И. У.: И это потому, что этот робот не игрушечный, он настоящий. Ну почти. Так же как и радиоуправляемые краулеры. Все институты и колледжи, где проходят искусственный интеллект и роботов, их покупают. У него есть глазки ультразвуковые и световые. Он может различать цвета. У него есть ушки. Я подозреваю, что можно при некотором усилии заставить его двигаться под музыку, потому что у него есть моторчики. Его глазки могут регистрировать свет, а ушки распознавать звуки.

Б. Д.: Даже не просто регистрировать, но и распознавать зрительные и звуковые образы?

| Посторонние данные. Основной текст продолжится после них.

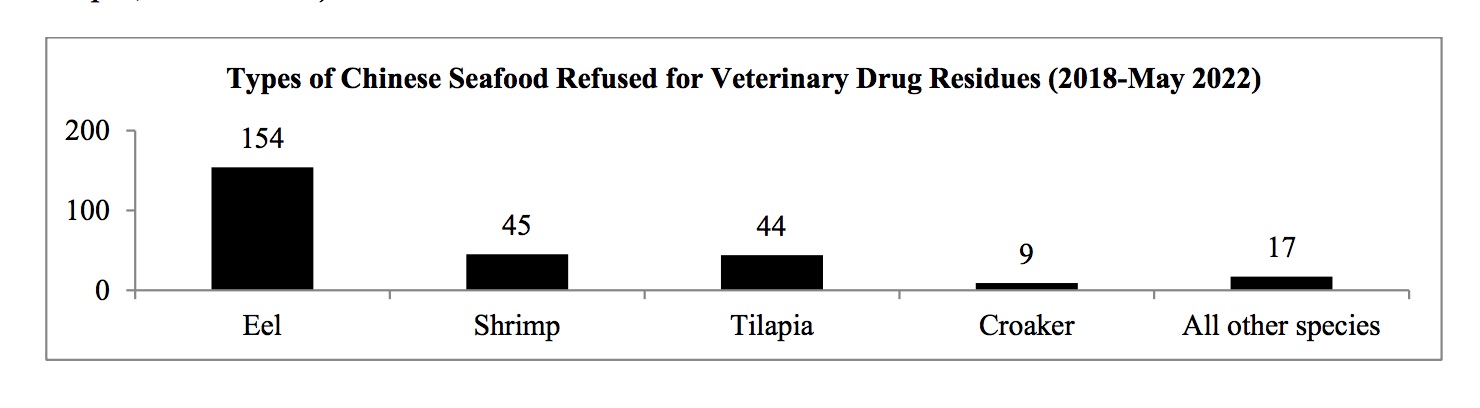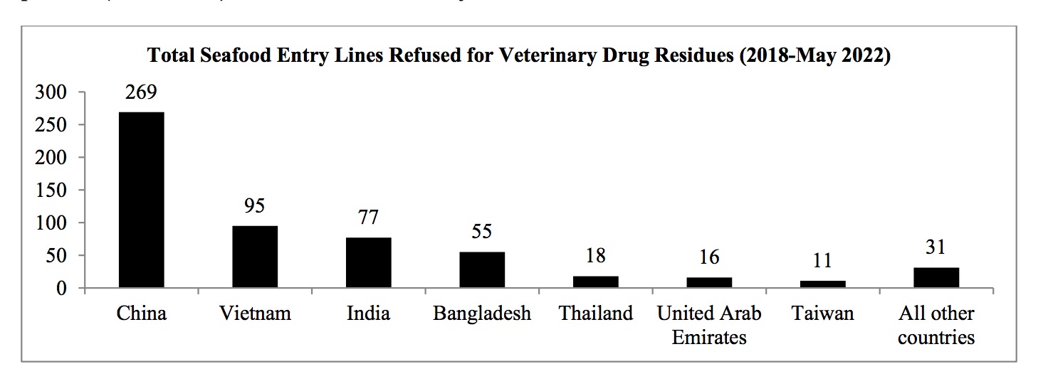 Even with the large reduction in Chinese seafood exports to the United States since 2018, the PRC’s share of overall seafood import entry line refusals for reasons related to the presence of veterinary drug residues has increased to over 47 percent. As shown in the table below, China has accounted for 269 of the 572 entry lines refused by the FDA for banned antibiotics since 2018, far and away the largest single source for these refusals.

И. У.: Да, и когда он чего-то касается, он не то что «понимает», он чувствует, чего он касается.

Б. Д.: То есть он способен считывать какую-то отдельную информацию?

И. У.: Да.

Д. И.: А он симпатичный?

И. У.: Нет, он не симпатичный, но если его собрать в виде машинки, то его можно пустить по полу, чтобы он искал и подбирал, допустим, красные шарики и не подбирал синие. Его можно научить. У него есть вычислительный блок, который можно запрограммировать.

Д. И.: Мощный?

И. У.: Довольно мощный, потому что он должен обрабатывать большой поток информации в режиме реального времени. Его еще и программировать можно с помощью специальной компьютерной программы, причем сделать это очень просто. Нужно просто мышкой перетягивать иконки из одного места в другое, и показывать ему, как он должен обрабатывать этот поток информации. То есть теоретически можно очень умного ребенка, который не очень хорошо еще читает и пишет, научить взаимодействовать с этим роботом. Чем он принципиально отличается от ранних попыток в области искусственного интеллекта? Тем, что раньше считалось, что нужно дать роботу модель среды, карту. Допустим, мы говорим: робот Петя, собирай банки из-под пива в нашей лаборатории! Для этого ему нужно нарисовать карту этой лаборатории и внедрить в его голову. А карта может быть бесконечно подробная. И он должен опираться на эту модель среды, но вот она меняется. Человек прошел, стул переставили в другое место. И что же, все заново пересчитывать? И оказывается, что такая опора на карту и на детальную модель среды очень непродуктивна, потому что эта карта динамически не меняется. И к тому же это очень большой объем вычислений. Можно в принципе обойтись без этого, потому что ему непосредственно доступна информация из среды. То есть получается, что новая парадигма в роботике и новая парадигма в искусственном интеллекте принципиально основывается не на сложной имитации человеческого знания. Мы ведь не знаем, как человеческое знание о среде хранится в голове и из чего оно состоит. А можно поступать гораздо проще. Вот, например, промышленный робот, который должен завинчивать какую-то гайку. Вот он сдвинулся не туда, и срабатывает датчик, который посылает на вход информацию, но все это очень сложно настраивать. А можно поступить просто. Можно в сочленение поставить резиновые шарниры, и если что-то сдвинулось, просто резинка сработает. Она выполняет функцию огромного вычислителя. И это упрощение, эта революция в новой роботике уже произошла, а в скором будущем нас ожидают еще более интересные вещи.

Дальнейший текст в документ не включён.